[Records from a collection]
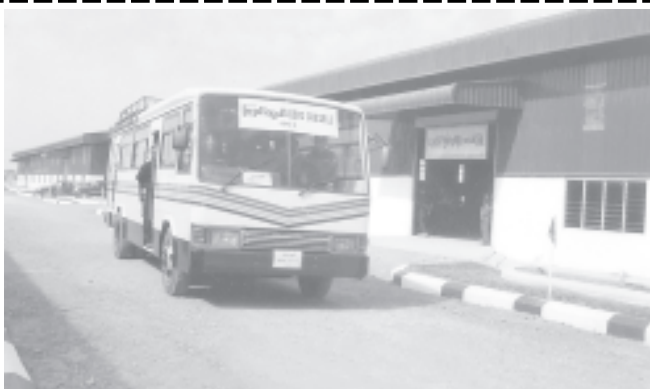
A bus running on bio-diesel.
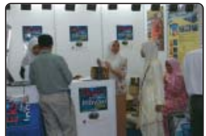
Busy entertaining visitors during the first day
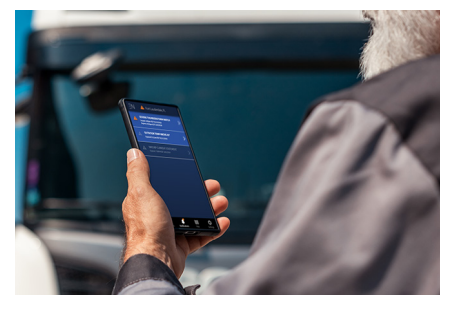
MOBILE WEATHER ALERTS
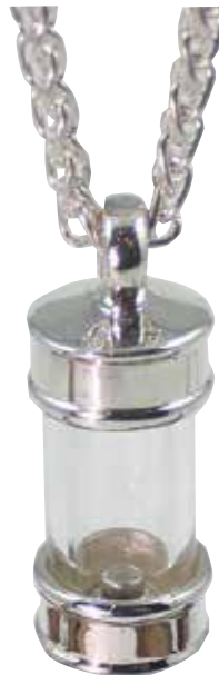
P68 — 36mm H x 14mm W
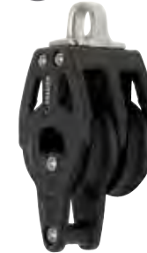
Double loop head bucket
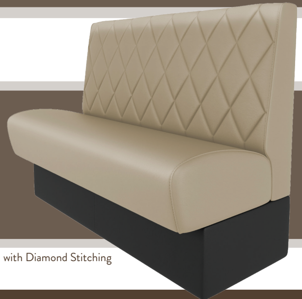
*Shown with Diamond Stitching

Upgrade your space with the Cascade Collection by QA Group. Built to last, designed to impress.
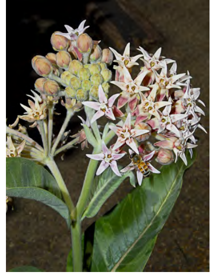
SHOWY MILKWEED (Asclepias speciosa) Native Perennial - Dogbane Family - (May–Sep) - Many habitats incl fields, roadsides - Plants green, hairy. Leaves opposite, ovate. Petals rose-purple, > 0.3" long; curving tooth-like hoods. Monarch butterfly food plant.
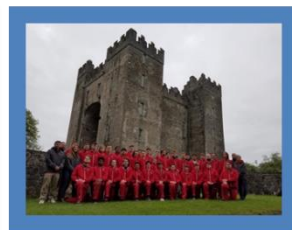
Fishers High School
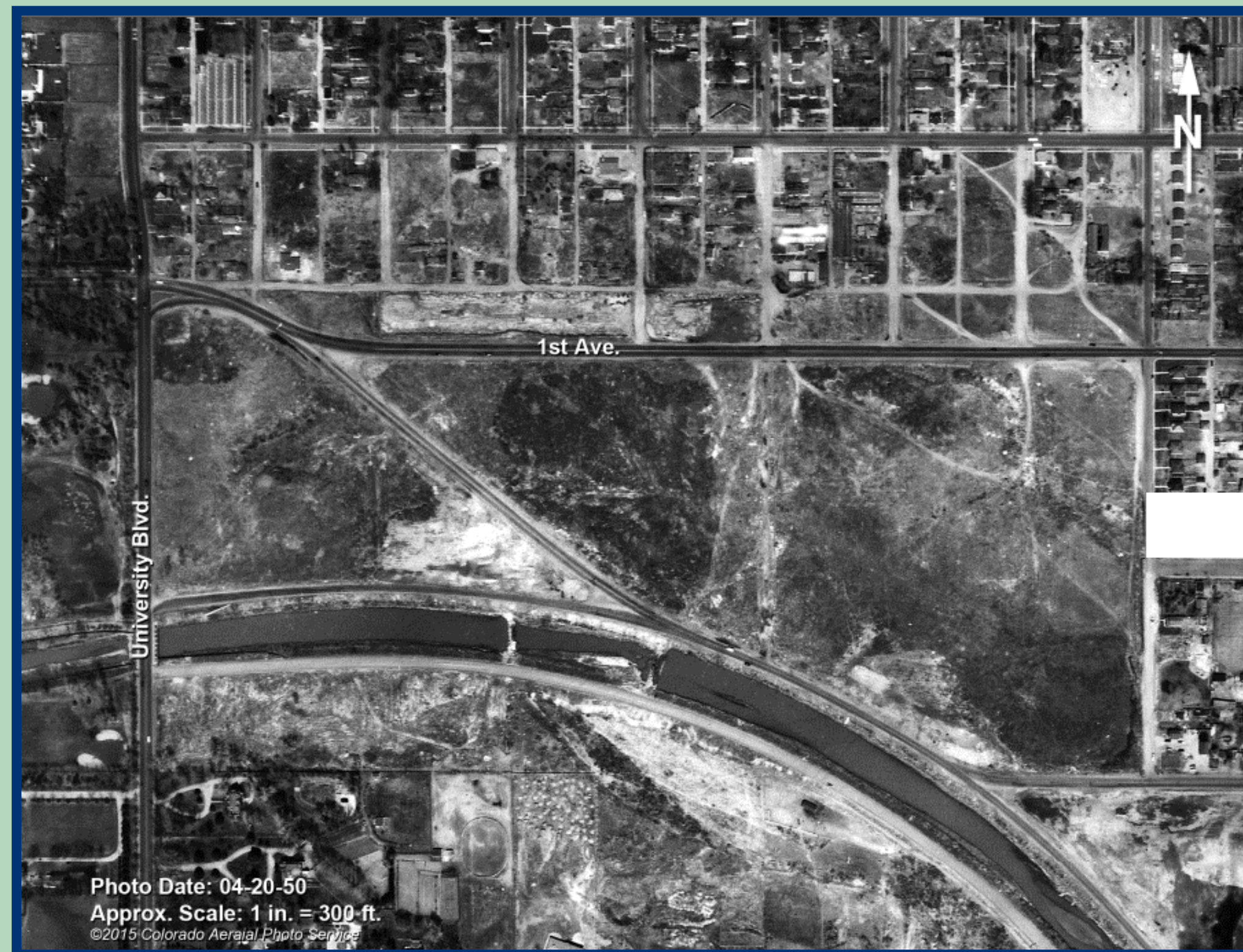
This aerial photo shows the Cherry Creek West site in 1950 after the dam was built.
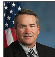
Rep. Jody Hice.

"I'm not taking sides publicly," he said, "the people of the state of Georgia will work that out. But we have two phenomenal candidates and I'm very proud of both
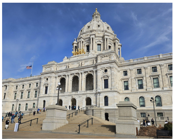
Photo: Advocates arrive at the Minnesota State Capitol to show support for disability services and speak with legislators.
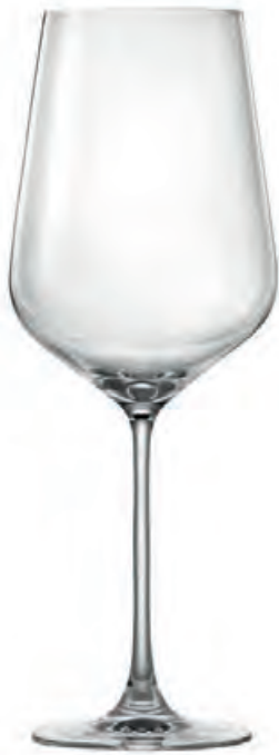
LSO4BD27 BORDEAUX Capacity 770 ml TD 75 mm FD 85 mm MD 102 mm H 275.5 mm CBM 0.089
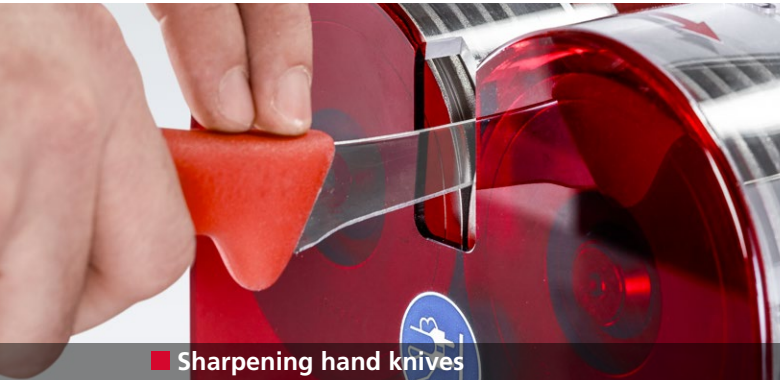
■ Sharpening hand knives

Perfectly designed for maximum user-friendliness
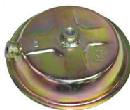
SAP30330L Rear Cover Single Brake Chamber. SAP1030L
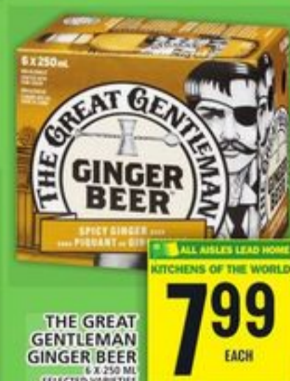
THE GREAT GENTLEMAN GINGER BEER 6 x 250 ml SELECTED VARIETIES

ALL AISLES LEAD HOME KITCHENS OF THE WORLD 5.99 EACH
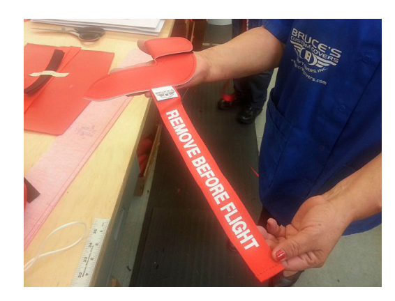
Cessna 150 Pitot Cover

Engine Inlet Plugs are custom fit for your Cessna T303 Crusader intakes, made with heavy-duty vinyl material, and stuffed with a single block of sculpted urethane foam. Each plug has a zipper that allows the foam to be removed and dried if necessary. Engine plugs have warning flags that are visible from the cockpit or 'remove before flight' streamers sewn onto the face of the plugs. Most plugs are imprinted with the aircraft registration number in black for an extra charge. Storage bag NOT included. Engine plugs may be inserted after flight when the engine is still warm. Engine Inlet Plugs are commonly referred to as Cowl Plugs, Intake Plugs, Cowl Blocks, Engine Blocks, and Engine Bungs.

> EXERCISE: Read through the records above and copy the lines that contain "designed".

> WRITTEN REPLY:
Upgrade your space with the Cascade Collection by QA Group. Built to last, designed to impress.
Perfectly designed for maximum user-friendliness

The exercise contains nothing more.